Research Paper Volume 11, Issue 20 pp 9111—9127

Long noncoding RNA HULC promotes hepatocellular carcinoma progression

Hongwei Zhang1,2, *, , Zhibin Liao1,2, *, , Furong Liu1,2, *, , Chen Su1,2, , He Zhu1,2, , Yani Li1,2, , Ran Tao1,2, , Huifang Liang1,2, , Bixiang Zhang1,2, , Xuewu Zhang1,2, ,

  • 1 Hepatic Surgery Center, Tongji Hospital, Tongji Medical College, Huazhong University of Science and Technology, Wuhan 430030, Hubei, China
  • 2 Clinical Medical Research Center of Hepatic Surgery at Hubei Province, Wuhan 430030, Hubei, China
* Equal contribution

Received: July 1, 2019       Accepted: October 14, 2019       Published: October 23, 2019
How to Cite

Copyright © 2019 Zhang et al. This is an open-access article distributed under the terms of the Creative Commons Attribution License (CC BY 3.0), which permits unrestricted use, distribution, and reproduction in any medium, provided the original author and source are credited.

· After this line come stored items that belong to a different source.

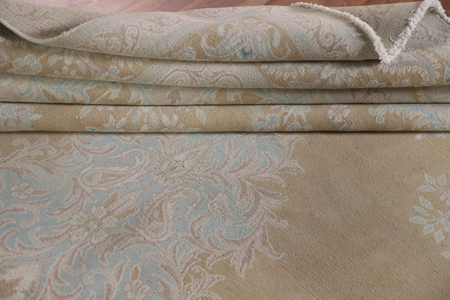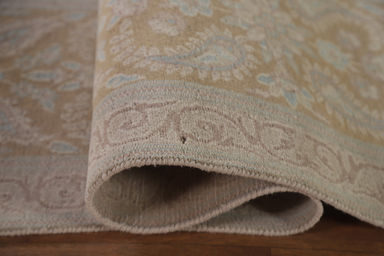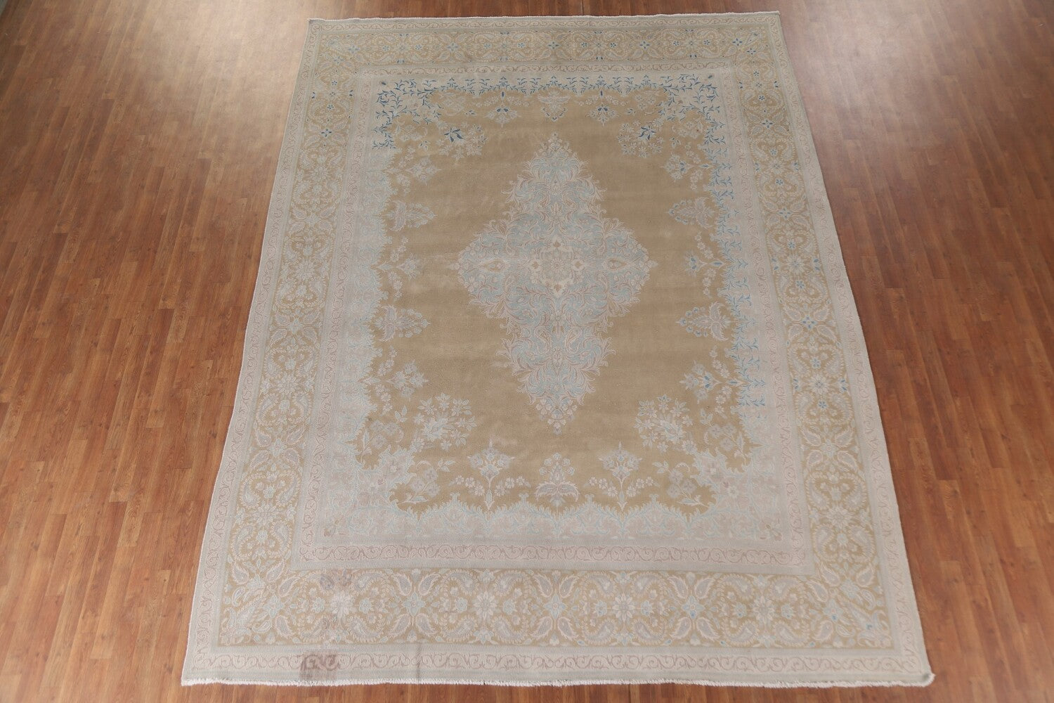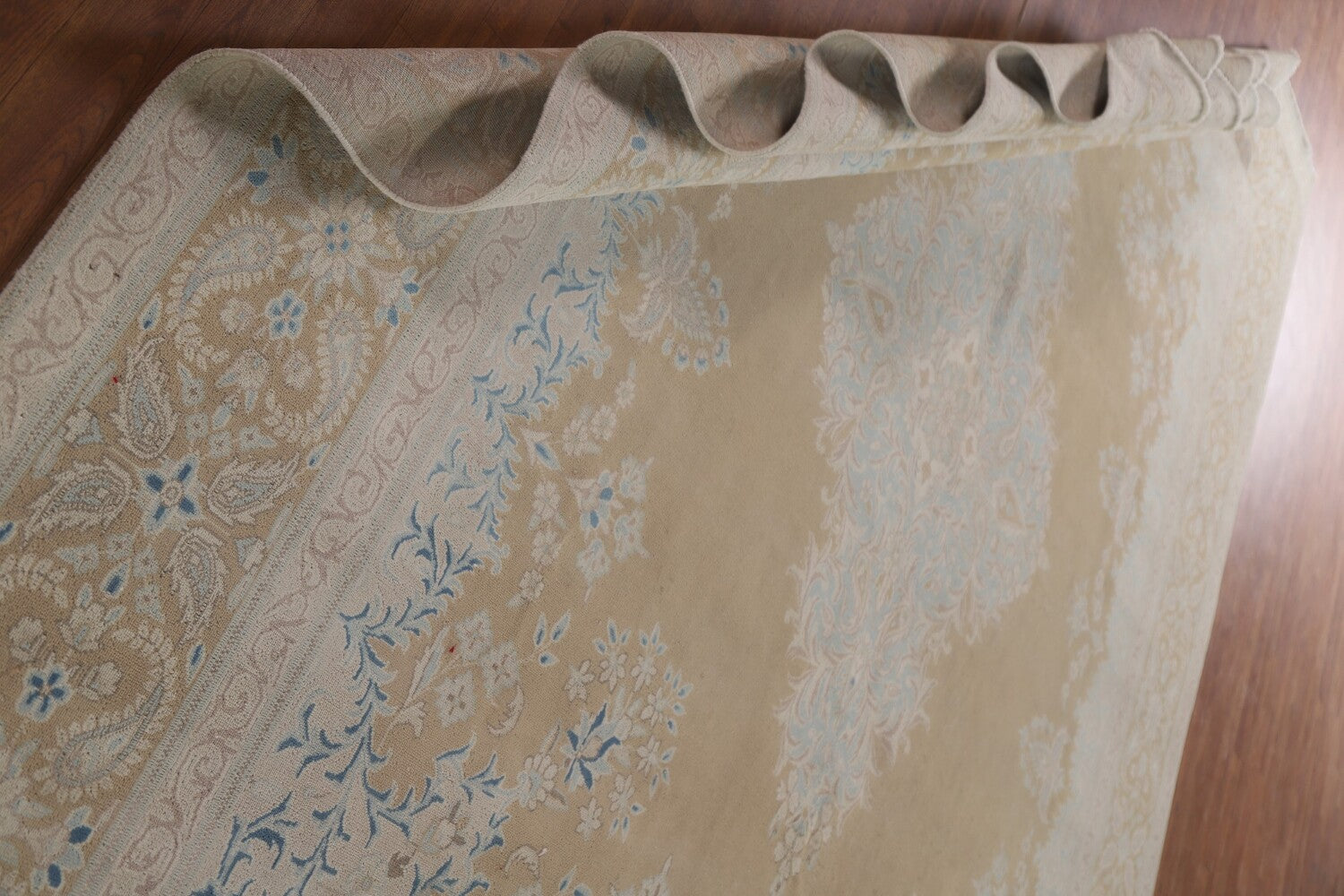 A Beautiful Genuine Persia ( Persia ) Kerman rug is Hand Knotted by skillful weavers in Persia ( Persia ) with 100% Wool Material. This rug is in Very Good (Evenly Low Pile) condition. dimensions are 12' 8'' X 9' 7'' in foot and 386 X 292 in centimeter. the primary color is Yellow & Gold.
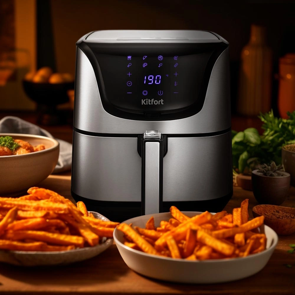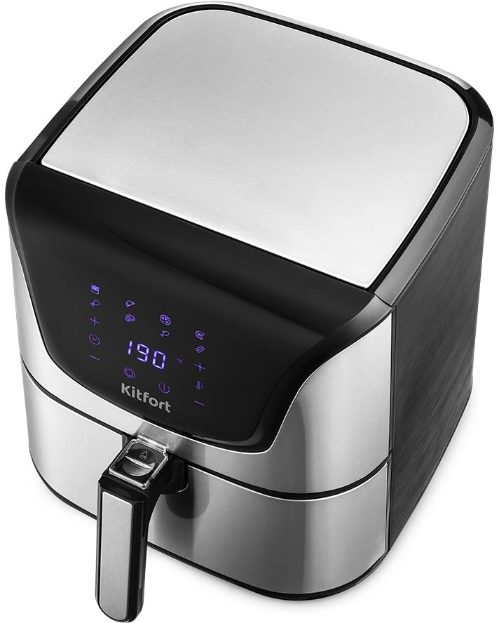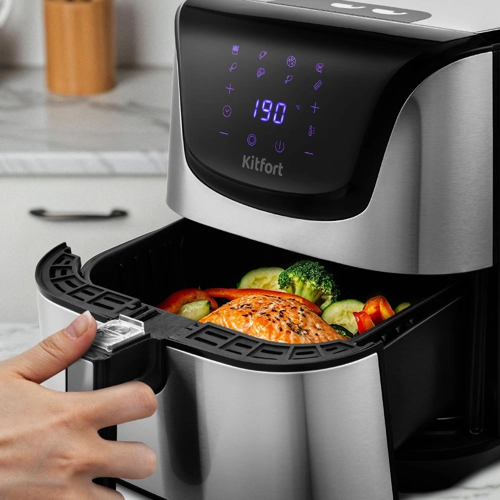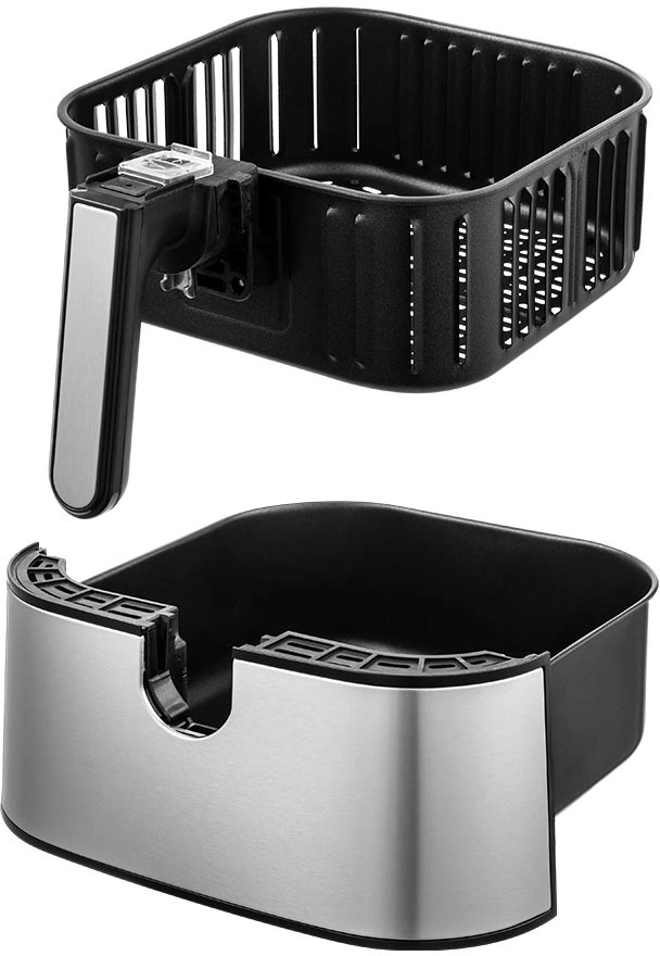 Стильный аэрогриль может использоваться как аэрогриль, а также как аэрофритюрница и духовка и позволяет готовить большинство продуктов с минимальным количеством масла или вовсе без его добавления.
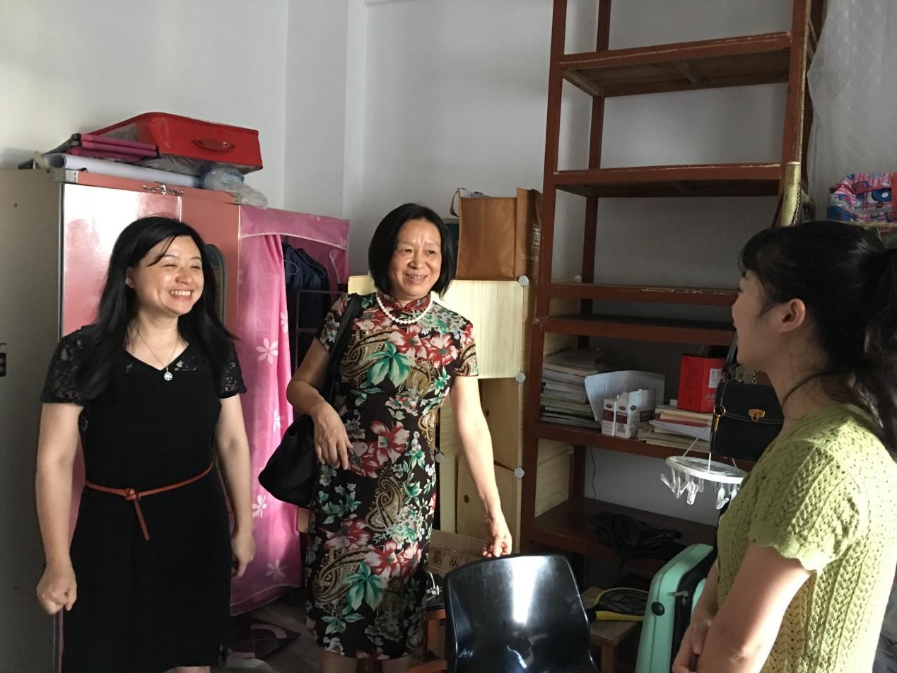下午四时许,公司经理陶红、副经理陈丽君和辅导员梁爽一同深入研究生新生宿舍,看望慰问新同学,给新生带去了公司的问候和关怀。听说老师们前来宿舍看望,同学们很快围拢过来,你一言我一语地回答着,每到一间宿舍,领导老师们都向同学们表达着亲切的问候。陶经理亲切的询问新同学们来自哪里,是否思念家乡,对新环境是否适应,关心同学们的饮食起居,并嘱咐同学们要养成良好的生活作息和卫生习惯,和同学们处理好关系,互帮互助,尽快融入研究生的生活。
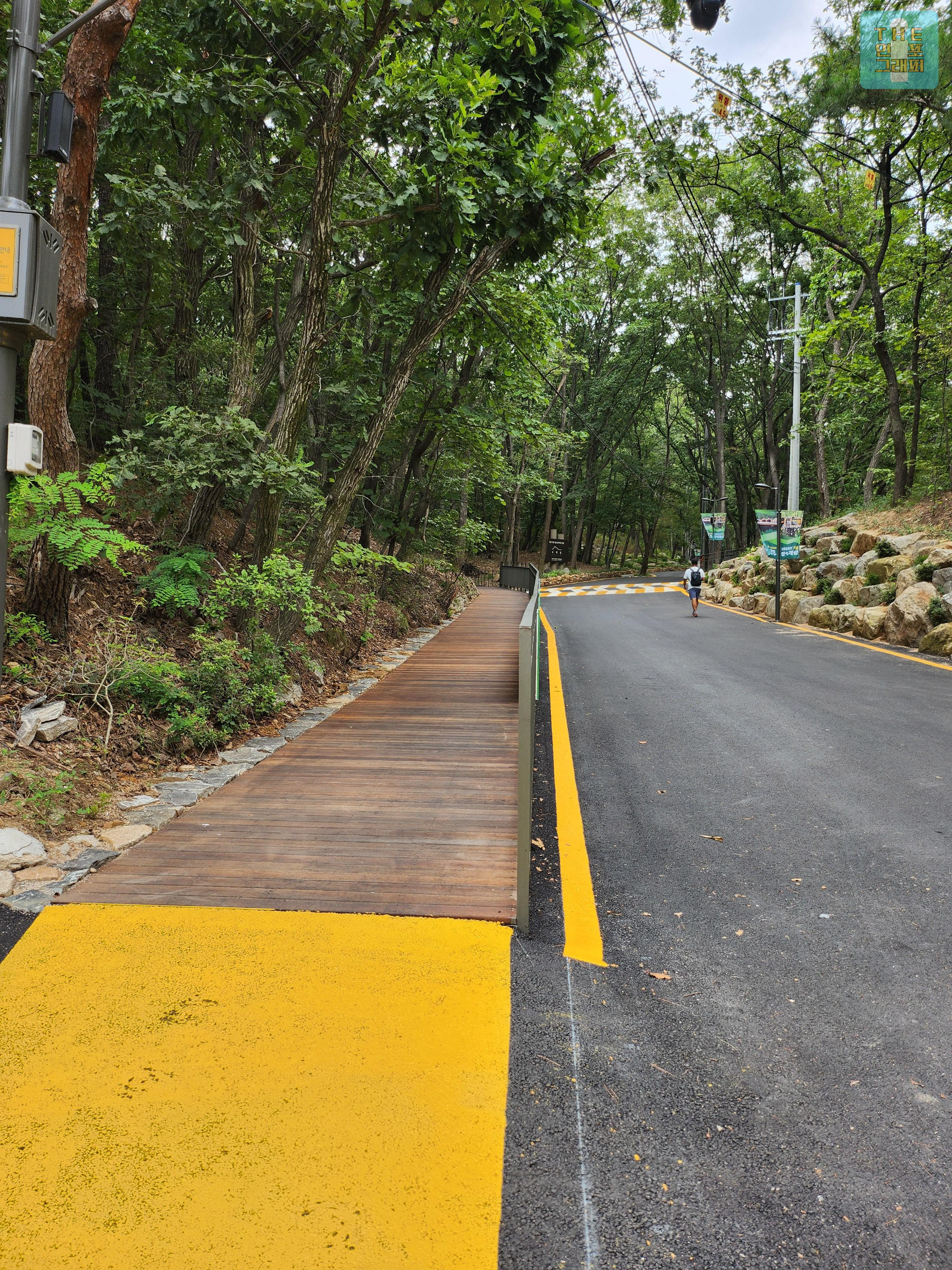 이 곳에 주차를 하고 보행자 전용 데크를 약 2분 정도 올라가면 수락휴가 나타납니다.
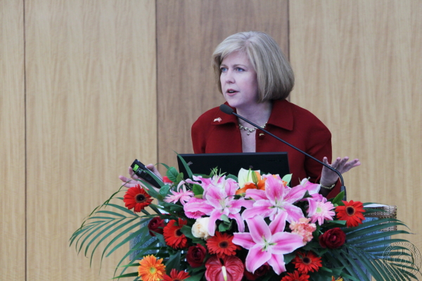 Cheryl Matherly应邀作了以“高等教育国际化:美国案例研究”为主题的报告,她从学术研究、实践经验两个角度简要介绍了美国高等教育国际化的概念、发展趋势,以及图尔萨大学国际化发展的历程与成果。
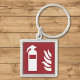 Extintor de incêndio e ícone de chama sobre fundo vermelho.
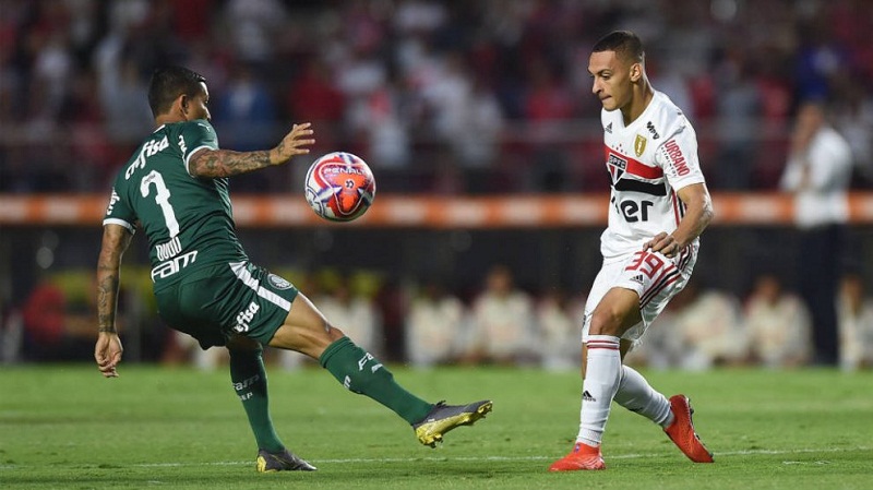 O Jogo – O primeiro tempo foi bastante agitado no Morumbi. Empurrado por mais de 40 mil pessoas, o São Paulo começou melhor e levava perigo com o ousado Antony, causador de problemas à defesa palmeirense. Aos 14 minutos, após triangulação do jovem com Igor Gomes e Pablo, Everton Felipe aproveitou a sobra e bateu colocado da entrada da área, tirando tinta do travessão.
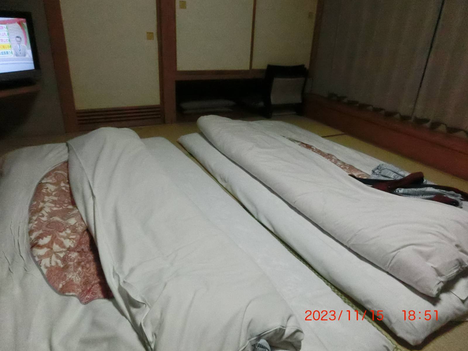 案内パンフレットを見ながら飲泉所なども見学し、かれこれ1時間余りも散策してから宿に戻った。目論見通り、部屋には二組の布団が敷かれていた。 |
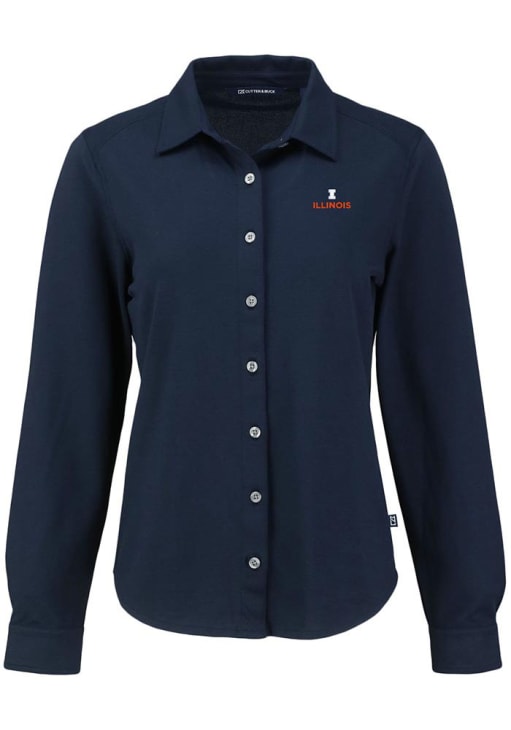 Show your Fighting Illini spirit show in the office with this Illinois Fighting Illini Dress Shirt! Embrace your team spirit and showcase it proudly in this Womens Navy Blue Advantage Soft Pique Long Sleeve Long Sleeve Button Down Shirt. This Long Sleeve Dress Shirt features a team logo on chest.
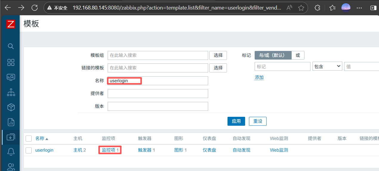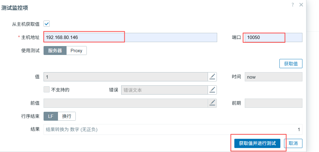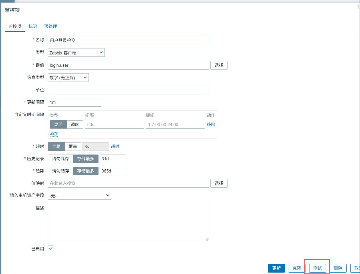 点击创建监控项,点击测试
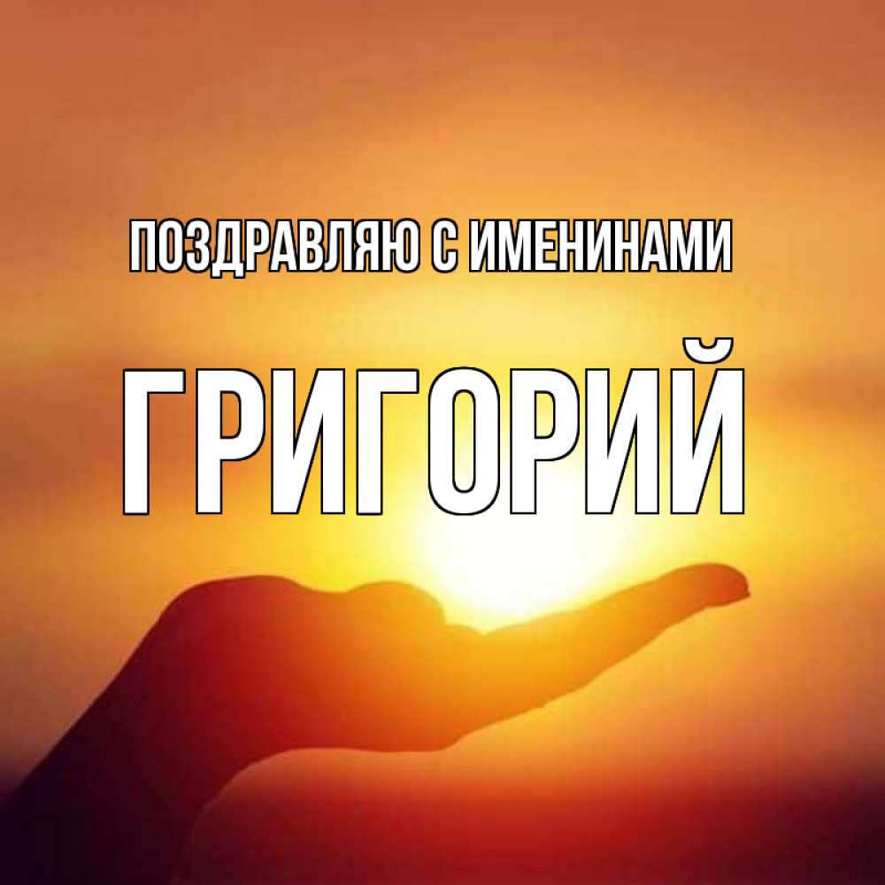 Открытка Поздравляю с именинами Григорий. солнце в руке. ладошка и закат
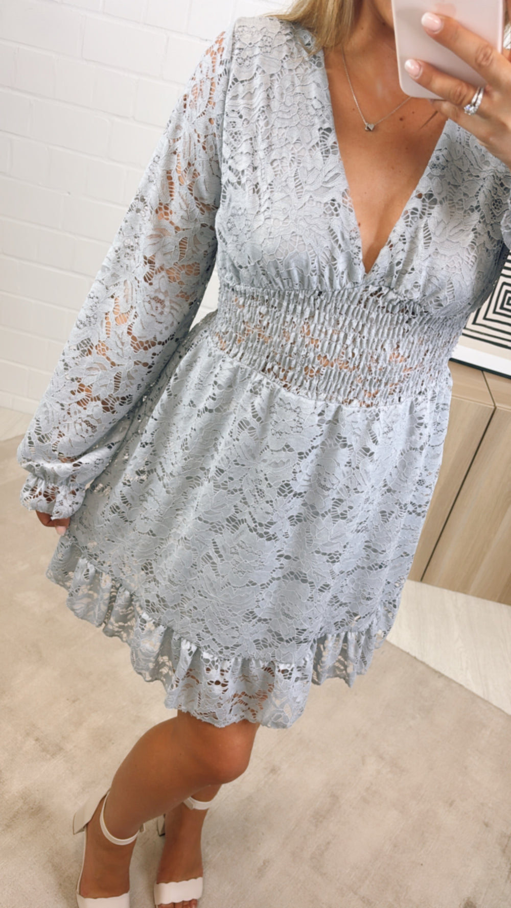 Super süßes und schickes, kurz geschnittenes Kleid. Es ist in einer Spitzenoptik gehalten. Im Taillenbereich ist es elastisch und das Praktische: es hat einen Unterrock eingearbeitet.
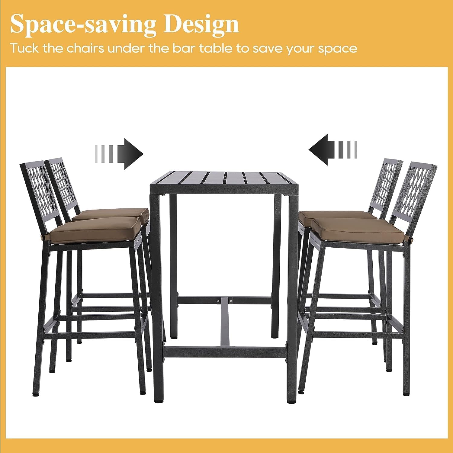 - Space-Saving Design: The bar height patio dining set is ideal for small space, and can be placed for corner. When the bistro bar set is not in use, the 4 bar stools could slide under the table, which could save your space

Long noncoding RNAs (lncRNAs) are overexpressed in many types of cancers, suggesting they may promote tumorigenesis. The lncRNA “highly upregulated in liver cancer” (HULC) promotes hepatocellular carcinoma (HCC) by mechanisms that are not fully understood. In the present study, we showed that HULC is overexpressed in HCC tissues, which correlates with an unfavorable prognosis in HCC patients. We also found that HULC promotes the proliferation, migration, and invasion of HCC cells in vitro, and xenograft tumor growth in vivo. Our mechanistic studies showed that HULC works as a competing endogenous RNA for miR-2052, and that the MET receptor tyrosine kinase is a downstream target of miR-2052 in HCC. Furthermore, HULC inhibits miR-2052, thereby stimulating MET expression in HCC. Finally, MET overexpression reverses the effects of HULC depletion. In sum, our findings reveal a novel regulatory signaling cascade, the HULC/miR-2052/MET axis, which could potentially be exploited for therapeutic benefits in the treatment of HCC.


LncRNAs: long noncoding RNAs; ceRNA: competing endogenous RNA; IgG: immunoglobulin G; qPCR: quantitative real-time polymerase chain reaction; miRNA: microRNA; SDS-PAGE: sodium dodecyl sulfate-polyacrylamide gel electrophoresis; HE: hematoxylin-eosin.